__Task instructions__: In the copy, every line of the material that follows must appear exactly, and no pictures should.

Data: Begin

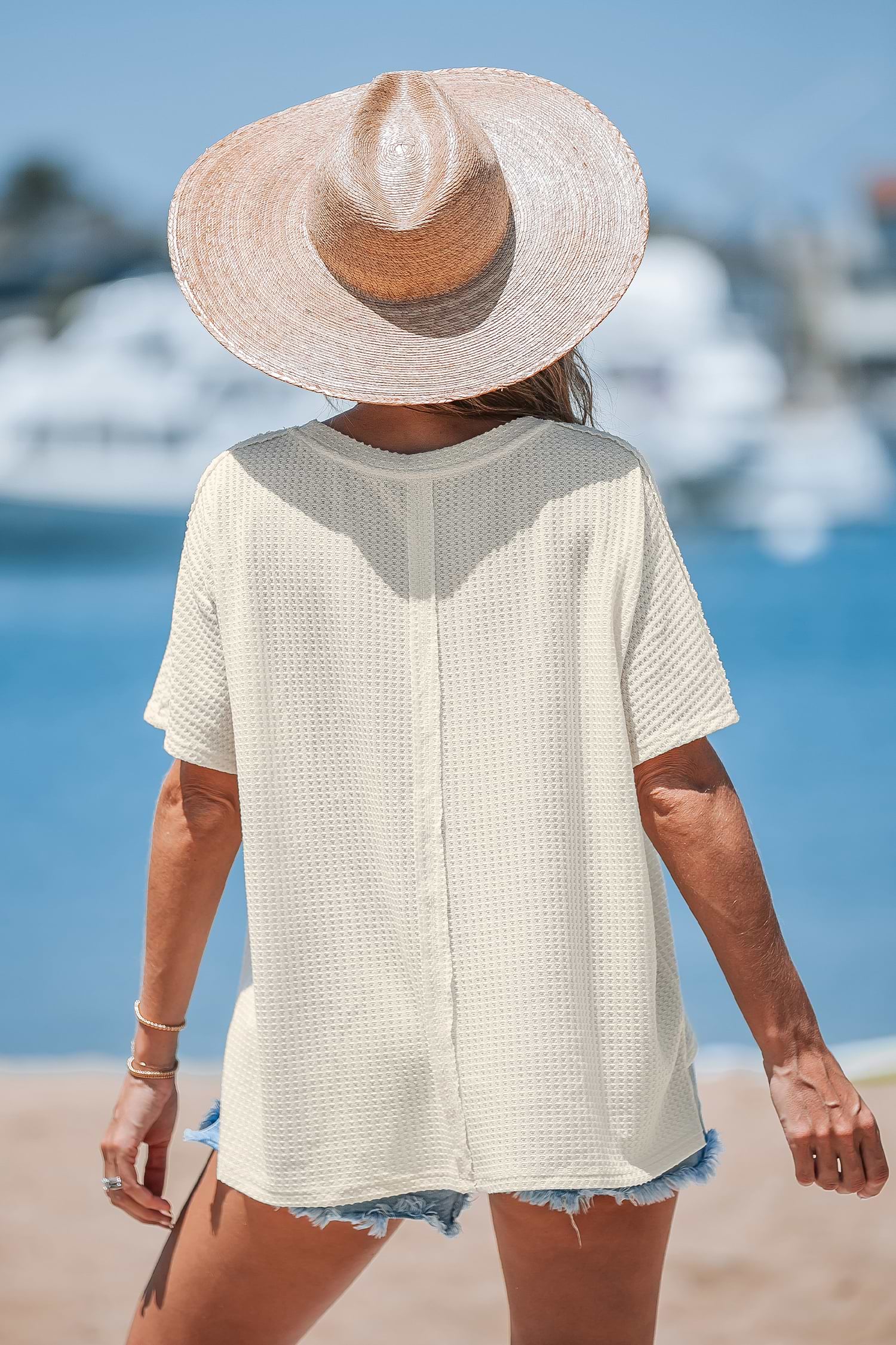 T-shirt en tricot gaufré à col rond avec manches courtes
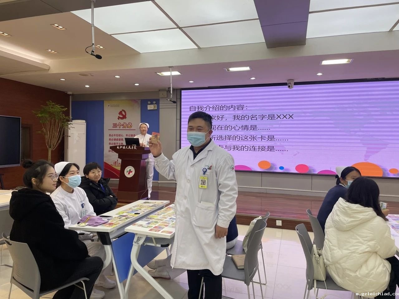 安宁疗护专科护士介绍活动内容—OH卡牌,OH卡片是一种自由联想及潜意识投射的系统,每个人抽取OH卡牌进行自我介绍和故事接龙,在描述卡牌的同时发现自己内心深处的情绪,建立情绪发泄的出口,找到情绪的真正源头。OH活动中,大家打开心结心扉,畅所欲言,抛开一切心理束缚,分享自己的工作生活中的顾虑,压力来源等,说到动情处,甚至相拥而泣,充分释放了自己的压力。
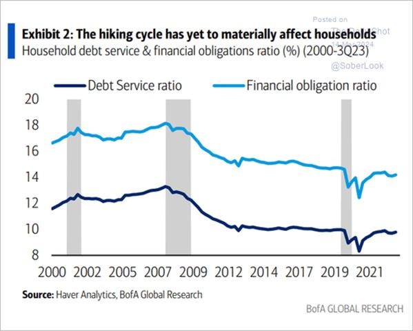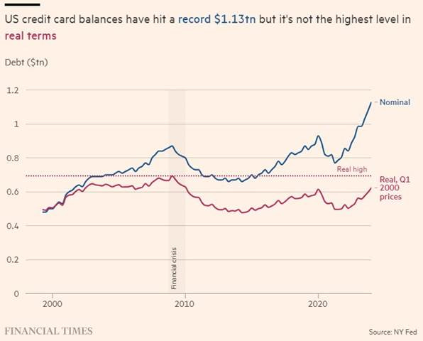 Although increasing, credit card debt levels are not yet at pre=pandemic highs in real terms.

Data: End

__Result for this exercise__:
 T-shirt en tricot gaufré à col rond avec manches courtes
 安宁疗护专科护士介绍活动内容—OH卡牌,OH卡片是一种自由联想及潜意识投射的系统,每个人抽取OH卡牌进行自我介绍和故事接龙,在描述卡牌的同时发现自己内心深处的情绪,建立情绪发泄的出口,找到情绪的真正源头。OH活动中,大家打开心结心扉,畅所欲言,抛开一切心理束缚,分享自己的工作生活中的顾虑,压力来源等,说到动情处,甚至相拥而泣,充分释放了自己的压力。
 Although increasing, credit card debt levels are not yet at pre=pandemic highs in real terms.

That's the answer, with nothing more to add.